I recently traveled to Ghana with a group of pediatric doctors and nurses from the University of Utah Medical Center. I’d heard of the planned trip from my daughter, a pharmacy student who has done lab research for, among others, Dr. Krow Ampofo, a Ghanaian native and an infectious disease doctor at Primary Children’s Medical Center.
As did all members of the group, I paid my own way. Unlike the medical team, my motives were somewhat selfish. In the aftermath of an emotionally charged, often divisive debate over health care reform in this country, I wanted to go where some positive energy was being directed.
The group, which visited Ghana from May 3-13, consisted of 18 people, including 12 doctors/nurses, as well as two pharmacy students and other family members.
The experience was uplifting beyond my expectations. What I saw was an extraordinary collaboration between medical teaching professionals that has evolved through carefully nurtured relationships over 16 years. It is not a case of a richer country showing a poorer one how to treat patients. Rather, it’s medical colleagues sharing knowledge and skills, building capacity and learning from each other how to strengthen preventive care.

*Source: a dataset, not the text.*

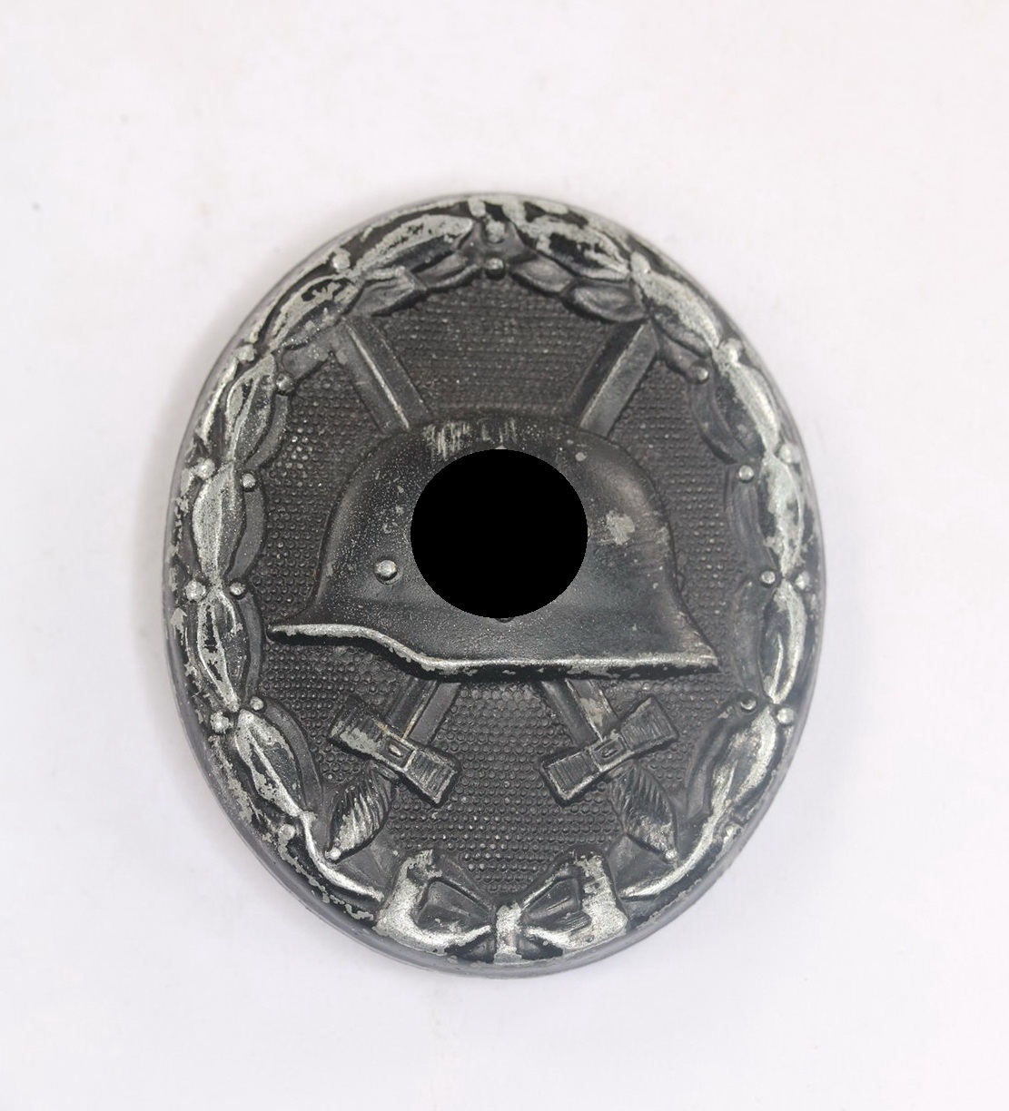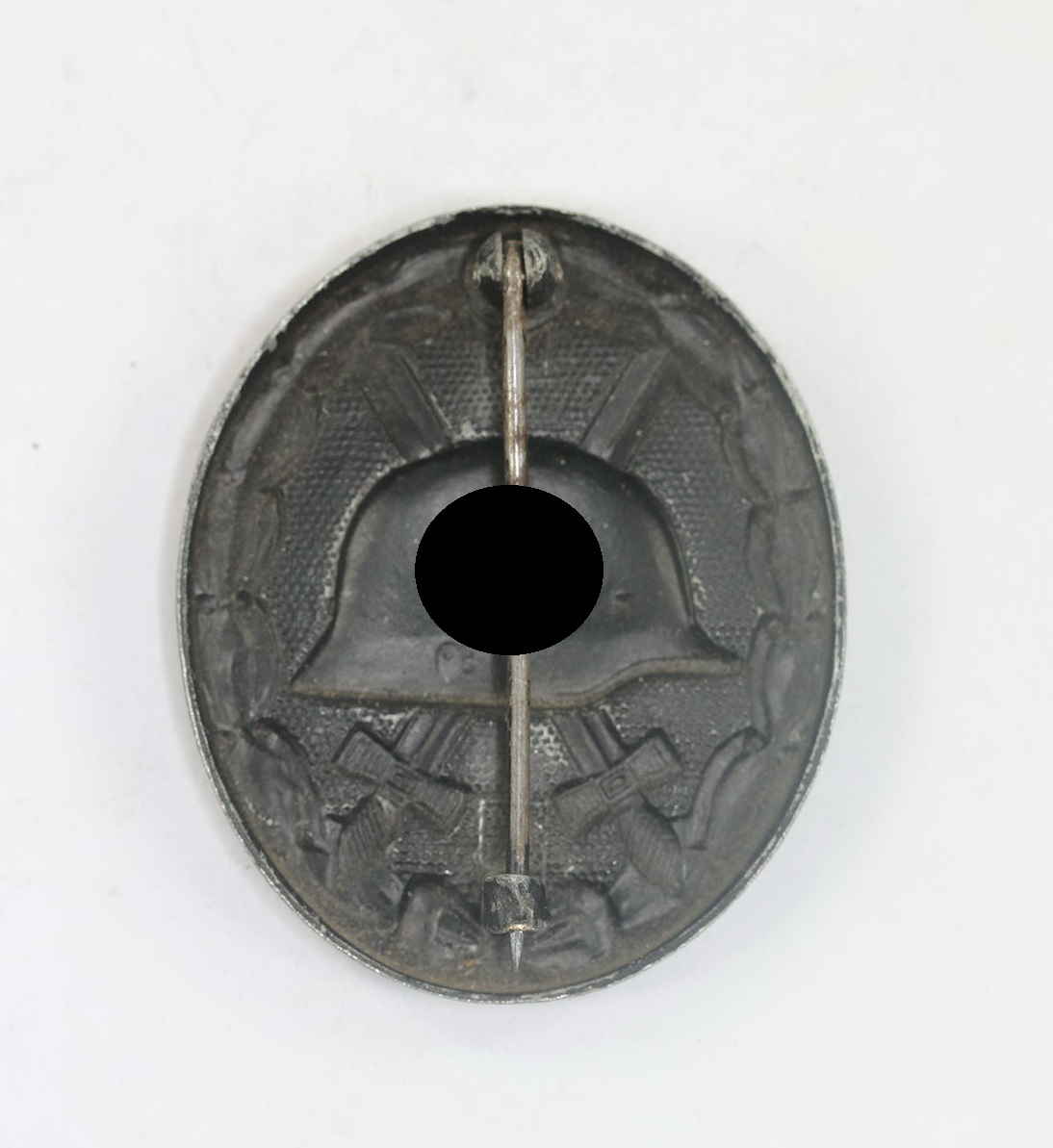 Das Verwundetenabzeichen aus Eisenblech gefertigt. Sehr guter, leicht getragener Zustand. Mit noch schöner Schwärzung. Rückseitig im Helm die Hersteller Markierung „93“ für die Firma Richard Simm & Söhne aus Gablonz (R.S.S.). Mit typischem Nadelsystem.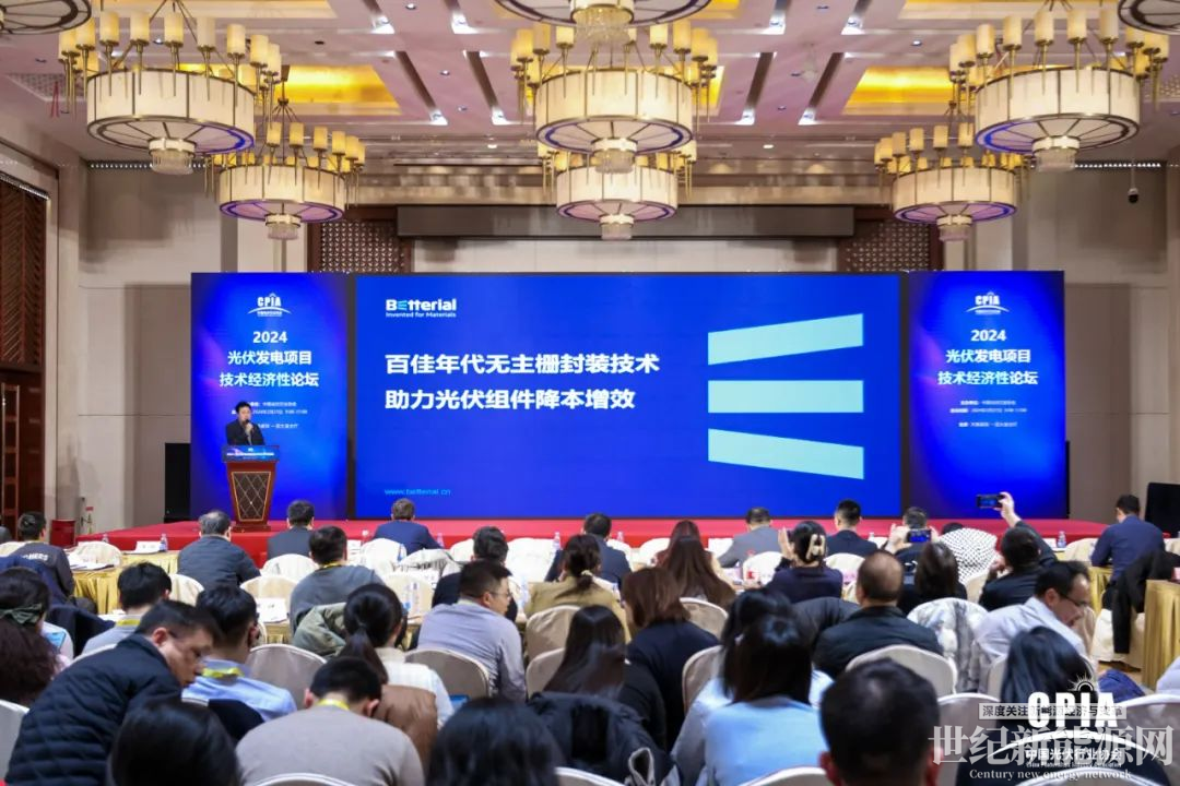 不久前,中国光伏行业协会在北京组织召开了“2024 光伏发电项目技术经济性论坛”,百佳年代受邀出席,并展示了最新的应用于光伏0BB无主栅技术的高可靠性封装解决方案。

“Money and expertise do not justify someone’s presence in a Third World country,” says Dr. Stephen Alder, chief of the University of Utah's Division of Public Health. “Experience proves that ‘drop-in medicine’ is simply not sustainable.”
Alder has been travelling to Ghana for a dozen years, laying the groundwork for his division’s Global Health Initiative there and in other countries. It is one of the offshoots that grew from the U.’s first forays overseas.
Dr. Devon Hale, assistant dean of International Medical Education, is one of the first supporters. But he says the beginnings were a happy accident. In the 1990s, he was looking for an opportunity for medical students seeking international rotations. His colleagues at the U.’s ophthalmology department — Dr. Alan Crandall and Dr. Robert Hoffman — had been to Africa since the mid-1990s, performing cataract surgery and reversing blindness. To Hale, Ghana looked promising.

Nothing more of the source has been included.